Information given:

Segment Open

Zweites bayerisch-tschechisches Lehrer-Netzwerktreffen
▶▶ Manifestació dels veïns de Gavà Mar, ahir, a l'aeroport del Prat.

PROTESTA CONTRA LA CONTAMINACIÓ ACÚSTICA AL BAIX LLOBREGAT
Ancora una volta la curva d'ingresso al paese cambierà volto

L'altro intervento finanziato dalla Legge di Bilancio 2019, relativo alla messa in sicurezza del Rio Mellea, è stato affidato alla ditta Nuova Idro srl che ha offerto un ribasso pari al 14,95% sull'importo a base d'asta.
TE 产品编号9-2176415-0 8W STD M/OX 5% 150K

Segment Closed
Segment Open

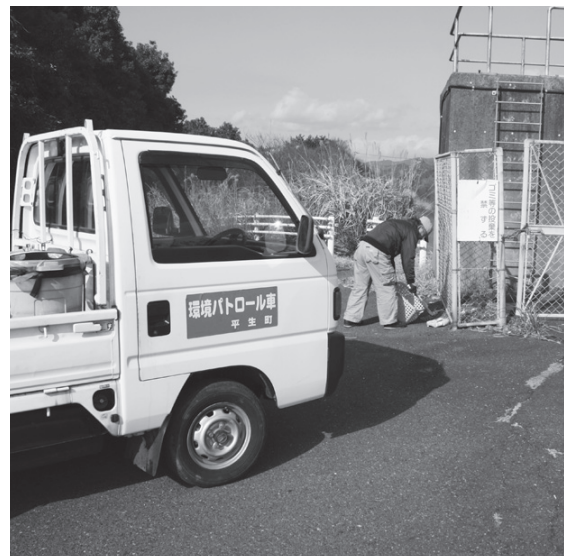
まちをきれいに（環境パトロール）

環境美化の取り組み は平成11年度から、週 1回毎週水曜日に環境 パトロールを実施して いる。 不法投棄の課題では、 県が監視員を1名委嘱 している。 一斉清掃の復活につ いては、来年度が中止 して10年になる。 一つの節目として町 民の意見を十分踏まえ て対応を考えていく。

Segment Closed
Segment Open

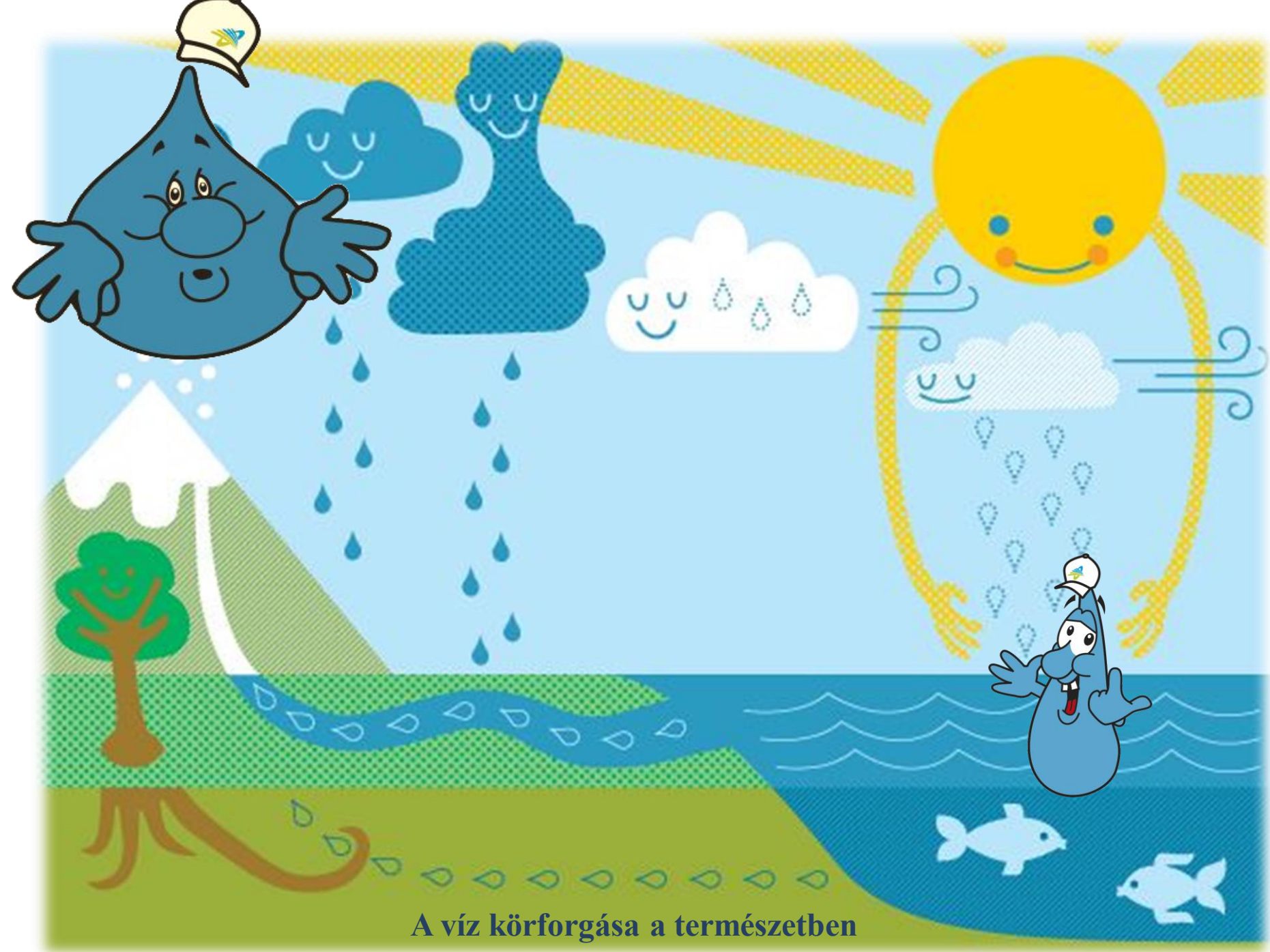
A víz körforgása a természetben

Segment Closed

Directions for this task: Above are the lines; repeat exactly the ones from the line containing "L'altro intervento finanziato" down to the line containing "TE 产品编号9-2176415-0 8W STD M/OX 5% 150K", both inclusive.

Answer for this exercise:
L'altro intervento finanziato dalla Legge di Bilancio 2019, relativo alla messa in sicurezza del Rio Mellea, è stato affidato alla ditta Nuova Idro srl che ha offerto un ribasso pari al 14,95% sull'importo a base d'asta.
TE 产品编号9-2176415-0 8W STD M/OX 5% 150K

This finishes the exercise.